How to Ensure Financial Success After Graduation
College graduation season is the perfect time to get your finances in order. If you’re lucky enough, you’ll get a full-time, well-paid job right out of college, but what if you’re not? Will you even be able to repay your student loan? You might, provided that you stick to basic tools to ensure your long-term financial success.
1. Put Yourself on a Budget
Post-graduation life can bring so many financial challenges, especially when you have to move to another city to embark on a new career. You may face a completely different cost of living and if you don’t create a budget to balance your costs, soon you might get into debt. There’s no one-size-fits-all formula for balancing your budget but you can try at least to keep all your costs reasonable, even if it means tightening your belt.
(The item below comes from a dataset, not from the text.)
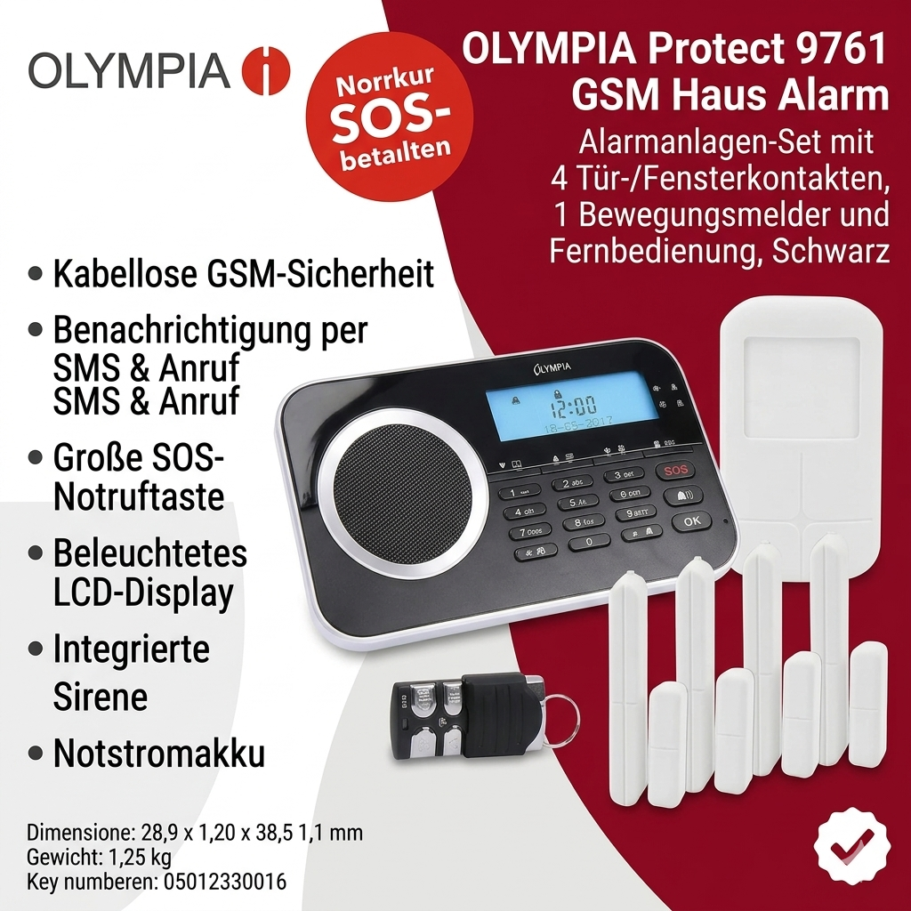 Das Olympia Protect 9761 ist ein drahtloses GSM Alarmanlagen-Set, welches viele Vorteile bietet. Zum einen verfügt es über eine Notruf- und Freisprechfunktion, was im Falle eines Alarms eine schnelle Reaktion ermöglicht. Das Set besteht aus einer Basiseinheit, Tür- und Fensterkontakten, einem Bewegungsmelder, einer Fernbedienung, Batterien und einem Netzadapter.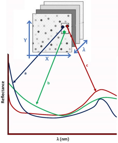 Hyperspectral imaging methods have been used for non-destructive evaluation of foodstuff quality. Hyperspectral imaging is also named spectroscopic imaging. A hyperspectrum is an influential spectroscopic system for non-destructive analysis that includes the recording of different numbers of images for different spectral groups. The amalgamated images and spectroscopy show concurrently the physical and geometrical properties of the food [,]. Through material investigation, exposure to electromagnetic radiation creates spatial maps named hypercubes [,], three-dimensional data including two spatial dimensions and a spectral dimension (Figure 5). Each hypercube contains 50–300 of images attained at different wavelengths with a spectral range of 1–10 nm. The fundamental standard which is practical is to combine the spectral data such as (1) the successive acquisition of two dimensional images with different wavelengths, and (2) getting the range of each area of an image in specific spectral region [,].

2. Use Your Credit Card Responsibly
Most students get their first credit cards in college and often face the temptation to overspend. As a result, most of them have an average of $3,000 in outstanding credit card balances by the time they graduate. What’s the reason? Poor financial management and irresponsible spending. Responsible use of your credit card will help you establish a solid credit rating and avoid financial problems in the future. How? If you keep track of your spending and limit the number of cards you get, your financial future won’t end up a horror story.
3. Start Repaying Your Student Loan
Student loan debt is the second most prevalent form of consumer debt in the US. It has grown by 275% to a total of $904 billion since 2003. The numbers are really daunting but what’s worse, 25% of students miss the first payment on their student loan or make it after the payment deadline. Thus even if you find a well-paid job, you might end up spending too much of your high salary trying to dig out of a debt hole. How to avoid it? When tackling any kind of debt, planning ahead is the most important thing. Try to make your payments ahead of schedule so you have to pay back less when the time comes.
4. Start Saving
Establishing a savings account is probably the last thing on a new college graduate’s mind. However it is the best way to handle emergency situations as well as to reach your financial goals. How much should you save? Most experts recommend saving 10 to 15% of your income. If you think it’s too much, the general rule of thumb is to save as much as you can. You can always ask your employer to deposit some of your paycheck into your savings account. Or you can deposit it yourself when paying your monthly bills.
Regardless of your financial situation, a sound post-graduation financial plan is all you need. Whether it’s a savings account or a budget plan, you’ll always have financial relief if something catastrophic happens.